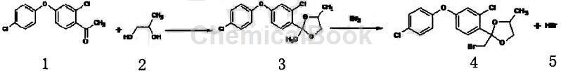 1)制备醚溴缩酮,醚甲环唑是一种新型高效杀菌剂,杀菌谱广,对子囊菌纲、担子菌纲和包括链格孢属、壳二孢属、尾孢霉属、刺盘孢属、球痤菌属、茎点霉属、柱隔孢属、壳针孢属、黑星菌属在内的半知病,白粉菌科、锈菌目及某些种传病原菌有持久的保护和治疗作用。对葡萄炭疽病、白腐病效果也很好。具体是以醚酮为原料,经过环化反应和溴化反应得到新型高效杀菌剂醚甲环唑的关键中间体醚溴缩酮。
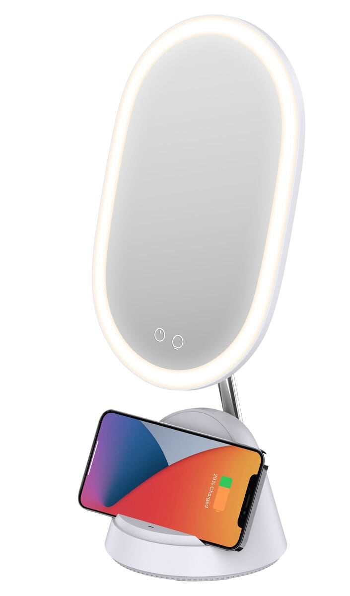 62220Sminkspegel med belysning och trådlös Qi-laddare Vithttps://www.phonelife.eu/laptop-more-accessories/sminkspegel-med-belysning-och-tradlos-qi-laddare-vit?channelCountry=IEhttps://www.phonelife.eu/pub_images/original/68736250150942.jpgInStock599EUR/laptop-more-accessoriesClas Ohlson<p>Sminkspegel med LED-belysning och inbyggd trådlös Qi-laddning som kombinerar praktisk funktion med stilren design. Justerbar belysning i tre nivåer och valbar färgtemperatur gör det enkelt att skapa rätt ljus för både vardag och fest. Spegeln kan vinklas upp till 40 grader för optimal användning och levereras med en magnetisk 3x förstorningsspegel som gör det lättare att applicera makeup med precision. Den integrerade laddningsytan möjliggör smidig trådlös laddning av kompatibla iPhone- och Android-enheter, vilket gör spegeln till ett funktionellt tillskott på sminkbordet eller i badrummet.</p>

######

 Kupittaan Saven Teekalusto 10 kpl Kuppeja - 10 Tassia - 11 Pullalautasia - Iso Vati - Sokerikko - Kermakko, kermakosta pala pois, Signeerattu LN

######

* [Problem to work on] In the records above, find the line with "1)制备醚溴缩酮,醚甲环唑是" and the line with "62220Sminkspegel med belysning". Write out exactly those lines and every one between, with no pictures and no other lines.

* [Completed task]
 1)制备醚溴缩酮,醚甲环唑是一种新型高效杀菌剂,杀菌谱广,对子囊菌纲、担子菌纲和包括链格孢属、壳二孢属、尾孢霉属、刺盘孢属、球痤菌属、茎点霉属、柱隔孢属、壳针孢属、黑星菌属在内的半知病,白粉菌科、锈菌目及某些种传病原菌有持久的保护和治疗作用。对葡萄炭疽病、白腐病效果也很好。具体是以醚酮为原料,经过环化反应和溴化反应得到新型高效杀菌剂醚甲环唑的关键中间体醚溴缩酮。
 62220Sminkspegel med belysning och trådlös Qi-laddare Vithttps://www.phonelife.eu/laptop-more-accessories/sminkspegel-med-belysning-och-tradlos-qi-laddare-vit?channelCountry=IEhttps://www.phonelife.eu/pub_images/original/68736250150942.jpgInStock599EUR/laptop-more-accessoriesClas Ohlson<p>Sminkspegel med LED-belysning och inbyggd trådlös Qi-laddning som kombinerar praktisk funktion med stilren design. Justerbar belysning i tre nivåer och valbar färgtemperatur gör det enkelt att skapa rätt ljus för både vardag och fest. Spegeln kan vinklas upp till 40 grader för optimal användning och levereras med en magnetisk 3x förstorningsspegel som gör det lättare att applicera makeup med precision. Den integrerade laddningsytan möjliggör smidig trådlös laddning av kompatibla iPhone- och Android-enheter, vilket gör spegeln till ett funktionellt tillskott på sminkbordet eller i badrummet.</p>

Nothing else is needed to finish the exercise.